• **Your instructions**: Without the pictures, write out every entry that follows exactly.

• **Records shown**:
╔══
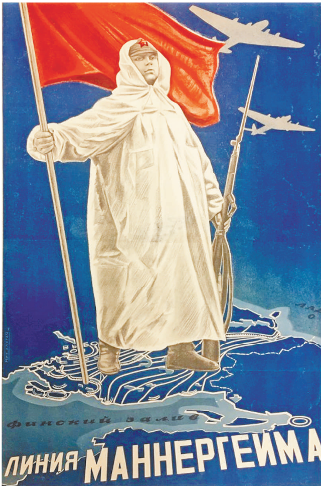
Первый вал наших атак захлебнулся на линии Маннергейма. Потом мы стали умнее, хитрее: ударов артиллерии, танкового штурма и русской лихости финны не выдержали.
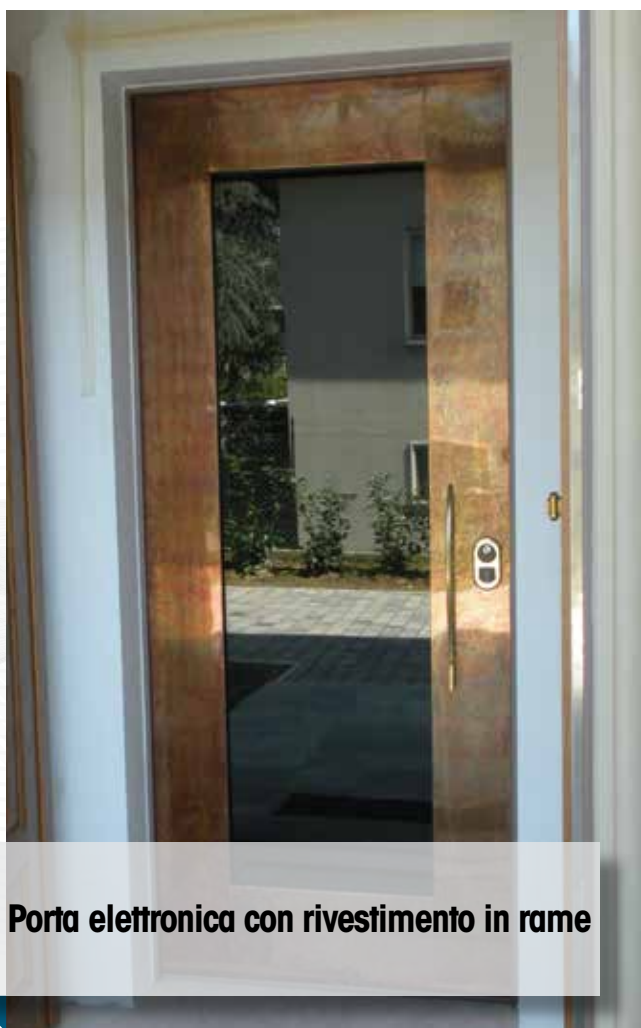
Porta elettronica con rivestimento in rame
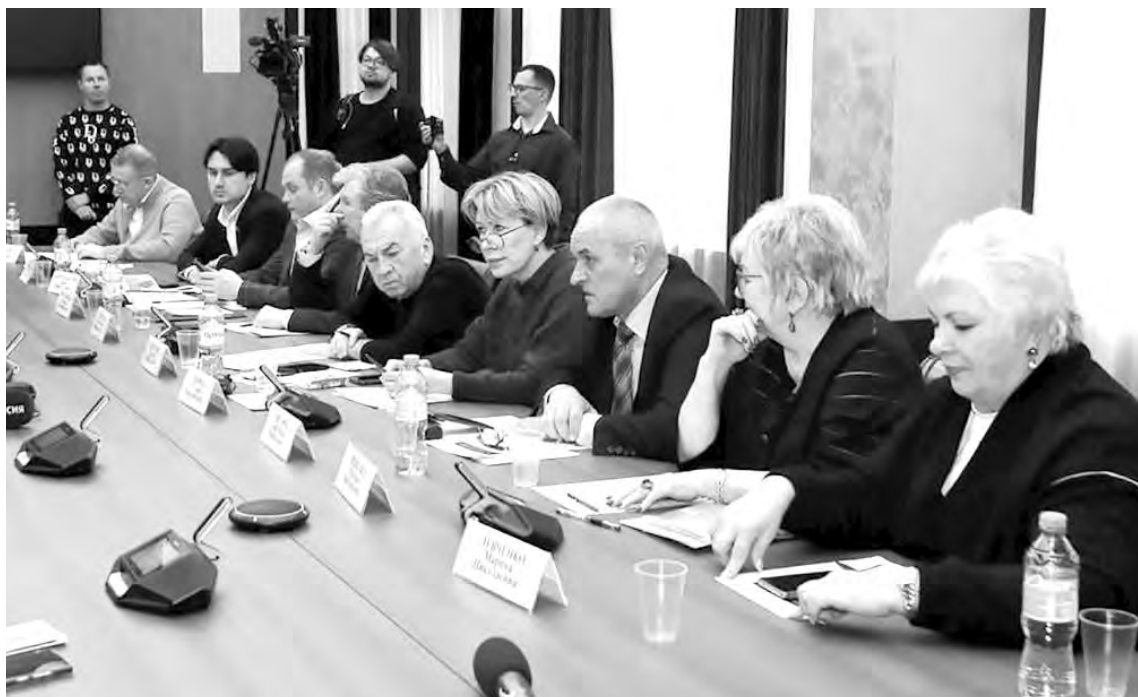
● 26 марта прошла традиционная встреча журналистов с депутатами Законодательного собрания Ленинградской области

Второй день знакомства начался с тишины и проявления уважения к исторической памяти. В парке «Прибрежный» участники семинара возложили цветы к стеле «Кириши – город воинской доблести». Заместитель председа-
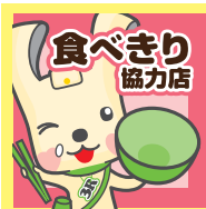
このマークが目印!

食べきり協力店とは、「小皿メニュー」や「ご飯の量の調整」、「持ち帰り可」など、食べ残しを減らす工夫をしているエコなお店のことです。現在、市内の食べきり協力店は約690店。店名や所在地は、HPから。 横浜市 食べきり協力店 検索
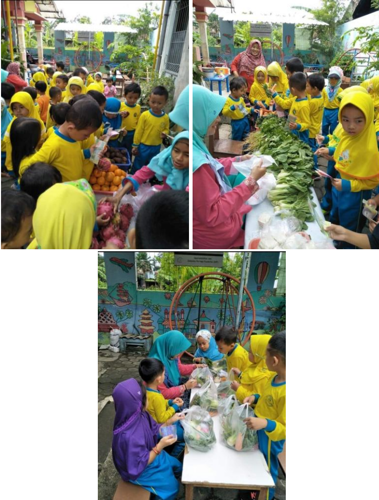
Gambar 4.3. Proses Jual Beli di Lembaga PAUD Pelangi Nusantara 05

Namun demikian, ada juga lembaga yang menggunakan model pembelajaran kelompok saat penyampaian materi kewirausahaan seperti KB Anak Genius sesuai penuturan Ana Istiani "...model pembelajaran kami kelompok saat penyampaian materi kewirausahaan...". Metode pembelajaran yang digunakan oleh PAUD Tunas Mulia sesuai penuturan Sri Rahayu, pendidik,
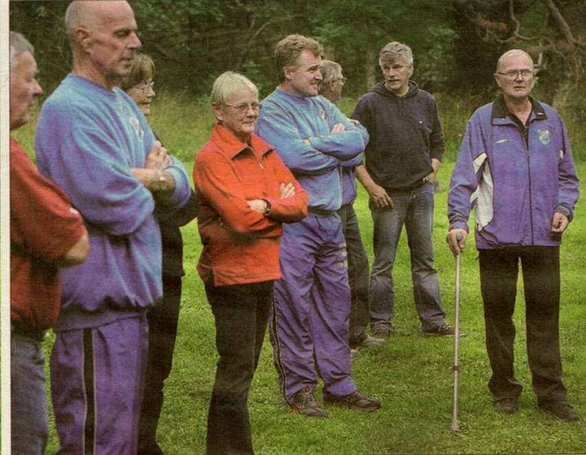
Gemenskap. Samvaron och de gotländska lekarna var viktigast när Wisby bollklubb firade i Åhsbergsga hagen i onsdags.
╚══
• **Final answer**:
Первый вал наших атак захлебнулся на линии Маннергейма. Потом мы стали умнее, хитрее: ударов артиллерии, танкового штурма и русской лихости финны не выдержали.
Porta elettronica con rivestimento in rame
● 26 марта прошла традиционная встреча журналистов с депутатами Законодательного собрания Ленинградской области

Второй день знакомства начался с тишины и проявления уважения к исторической памяти. В парке «Прибрежный» участники семинара возложили цветы к стеле «Кириши – город воинской доблести». Заместитель председа-
このマークが目印!

食べきり協力店とは、「小皿メニュー」や「ご飯の量の調整」、「持ち帰り可」など、食べ残しを減らす工夫をしているエコなお店のことです。現在、市内の食べきり協力店は約690店。店名や所在地は、HPから。 横浜市 食べきり協力店 検索
Gambar 4.3. Proses Jual Beli di Lembaga PAUD Pelangi Nusantara 05

Namun demikian, ada juga lembaga yang menggunakan model pembelajaran kelompok saat penyampaian materi kewirausahaan seperti KB Anak Genius sesuai penuturan Ana Istiani "...model pembelajaran kami kelompok saat penyampaian materi kewirausahaan...". Metode pembelajaran yang digunakan oleh PAUD Tunas Mulia sesuai penuturan Sri Rahayu, pendidik,
Gemenskap. Samvaron och de gotländska lekarna var viktigast när Wisby bollklubb firade i Åhsbergsga hagen i onsdags.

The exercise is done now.